SAN FRANCISCO -- Google executives on Tuesday took turns extolling the capabilities and potential of the company's cloud computing infrastructure, with an eye toward dethroning cloud computing leader Amazon.
"In the future, almost everything will be done in the cloud because it simply is a better way of doing computing," said Google CEO Sundar Pichai in opening remarks at the Google Cloud Platform Next 2016 conference.
Such sentiment is expected at a cloud evangelism event. But Google wrapped its hard sell in an alluring package, the promise of machine learning.
"This platform is not the end, it's the bottom," said Eric Schmidt, chairman of Google parent company Alphabet. "And there's something above it. Machine learning."
Google demonstrated the power of machine learning earlier this month in South Korea where its AlphaGo system beat celebrated Go player Lee Sedol in four out of five games. The victory gave weight to the company's insistence during recent earnings calls that machine learning represents a significant source of future innovation and revenue.
Google's recent decision to open source its TensorFlow machine learning framework now makes more sense. Google wants companies to run machine learning tasks on the Google Cloud Platform (GCP).
Toward that end, Google announced the alpha release of Cloud Machine Learning, a framework for building and training custom data models using distributed learning algorithms based on TensorFlow.
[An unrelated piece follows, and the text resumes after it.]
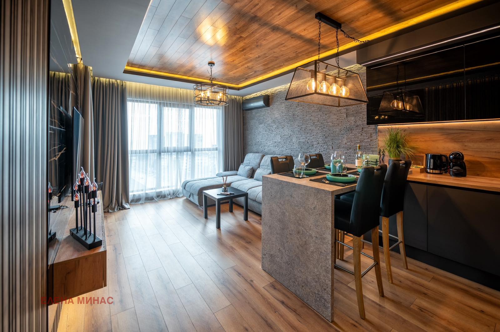 Имоти ЕЛЕНА МИНАС отдава под наем ЛУКСОЗЕН ДВУСТАЕН АПАРТАМЕНТ с ЧУДЕСНА МОРСКА ПАНОРАМА в ЕМБЛЕМАТИЧНА сграда в най-търсеният квартал за живеене кв. БРИЗ. Състои се от входно антре, дневен тракт с кухня, спалня, баня с тоалет и обща тераса към двете стаи. Жилището е СТИЛНО и ДИЗАЙНЕРСКИ ОБЗАВЕДЕНО и ОБОРУДВАНО с ВИСОК клас електро уреди. В наемната цена е включено ПАРКОМЯСТО.

Google also announced new GCP regions, US Western region in Oregon and East Asia region in Tokyo, two of 10 coming online through 2017; new customers like Best Buy, Coca Cola, and Macy's; GCP integration efforts from enterprise ISVs; BigQuery and Cloud Networking enhancements; and GCP enterprise enhancements like Audit Logging, IAM Roles, and the pending general availability of customer supplied encryption keys.
Schmidt struck a conciliatory tone to court enterprise decision makers. He acknowledged that Google expected too much of companies as it moved into the cloud market with App Engine in 2008. The company didn't provide the right stepping stones into the cloud, he said.
Google's cloud offerings have become far more extensive, capable, and inviting since then, and the company is more solicitous to business customers. "We decided to meet you where you are, as opposed to where we think you should be," said Schmidt.
Schmidt's message of accommodation recalls another ad campaign, the competition between car rental leader Hertz and challenger Avis in the 1960s: "When you're only No. 2, you try harder. Or else." (Google ranked fourth in Q4 2015, behind Amazon Web Services, Microsoft Azure, and IBM in terms of public IaaS marketshare.)
Amazon Web Services, the public cloud market leader, initially didn't come up by name, but Diane Greene, senior VP of Google's enterprise business, stressed Google Cloud Platform's customer-friendly pricing and claimed that GCP services are often 50% less than the competition.
"We're serious about this business," Greene declared, adding that Google parent company Alphabet invested $9.9 billion in capital expenditures in 2015.
Speaking to a group of South Korean journalists, Greg DeMichillie, director of product management for GCP, cited a price comparison tool validated by Nucleus Research that found GCP tended to be 15% to 80% less than AWS. "The reason our prices are lower is not just because we discount," he said. "It's because our technology is better and that allows us to be more efficient."
In a press briefing following the keynote presentation, Greene faced a question about how Google is countering Amazon Web Services as the path of least resistance. She said Google is working to get the word out about what it sees as GCP's advantages: security, commitment to open source, price/performance, and machine learning.
"Machine learning is pretty much revolutionizing every industry," Greene said earlier during the keynote.
Schmidt went further still, describing a new paradigm for technological innovation -- startups building machine learning systems, powered by crowdsourced data that gets put in the cloud for analysis.
Machine learning is coming, but first comes customer education.